Chg = 90. Because ch ⊥ AP = > ∠CHP=∠CHG+∠GHP=90。 Therefore, it is necessary to prove that ∠CHE=∠GHP, because AC is perpendicular to PD and CH is perpendicular to AP, so ∠ACH=∠CPA. In fact, we have to prove: △ car ∽△HPG. To prove that these two triangles are similar, only one set of diagonal is equal, and we just need to find the edge, so CH/PH=CE/PG must be established.
From known to unknown:
certificate
PB= 1/2AB, if p is the tangent of circle o, then: PDXPD=PBXPA=3POXPO/4. ∠CDP=90, we get: pd/po = ∠ 3/2. So: CPA = 30. ∠DCP =∞。 So ∠BEP=∠GPE, plus male ***∠PGA. Get △PFG∽△PAG, then, PGXPG=FGXAG. Because GD is tangent, so: GDXGD=FGXAG, so PG=DG. PB=BO=BD, so BG⊥PD. So, the quadrilateral BGCE is rectangular. So CE=BG. Because two right triangles, △PHC∽△PBG, CH/PH=BG/PG, because CE=BG. So CH/PH=CE/PG, so add: ∠ACH=∠CPA to get: △CHE∽△HPG, so ∠CHE=∠GHP because ch ⊥ AP = > ∠CHP=∠CHG+∠GHP=90。 So ∞∠EHG =∞.

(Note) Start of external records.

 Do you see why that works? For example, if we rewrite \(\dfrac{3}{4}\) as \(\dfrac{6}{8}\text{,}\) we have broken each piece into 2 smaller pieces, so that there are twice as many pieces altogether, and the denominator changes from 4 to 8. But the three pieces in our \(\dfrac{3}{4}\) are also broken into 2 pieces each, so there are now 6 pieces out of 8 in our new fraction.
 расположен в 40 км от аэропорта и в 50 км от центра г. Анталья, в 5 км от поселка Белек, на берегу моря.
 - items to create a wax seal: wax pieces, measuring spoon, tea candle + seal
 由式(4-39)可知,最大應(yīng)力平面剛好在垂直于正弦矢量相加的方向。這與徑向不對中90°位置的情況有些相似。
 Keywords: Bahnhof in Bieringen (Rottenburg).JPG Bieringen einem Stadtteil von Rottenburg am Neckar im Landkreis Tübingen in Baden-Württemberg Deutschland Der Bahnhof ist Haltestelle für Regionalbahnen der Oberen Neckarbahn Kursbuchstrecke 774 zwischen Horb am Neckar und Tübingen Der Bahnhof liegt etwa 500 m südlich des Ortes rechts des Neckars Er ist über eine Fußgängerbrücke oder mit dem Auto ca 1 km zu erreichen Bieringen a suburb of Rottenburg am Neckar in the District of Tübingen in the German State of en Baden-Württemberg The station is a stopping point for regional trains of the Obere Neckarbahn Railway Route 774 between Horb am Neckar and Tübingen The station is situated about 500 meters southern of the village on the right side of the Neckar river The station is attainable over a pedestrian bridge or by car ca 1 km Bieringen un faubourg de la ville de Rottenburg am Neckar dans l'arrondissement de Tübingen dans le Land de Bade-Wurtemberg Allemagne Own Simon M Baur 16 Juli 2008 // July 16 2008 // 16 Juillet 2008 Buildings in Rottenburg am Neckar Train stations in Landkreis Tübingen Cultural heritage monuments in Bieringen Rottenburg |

Cut +∠CHG=∠CHG+∠GHP=90. Therefore, it is proved that EH is vertical to GH.
If you don't understand, you can ask questions, and some places are too simple to be omitted, such as projective theorem. . Equal circle angle and fox, tangent theorem.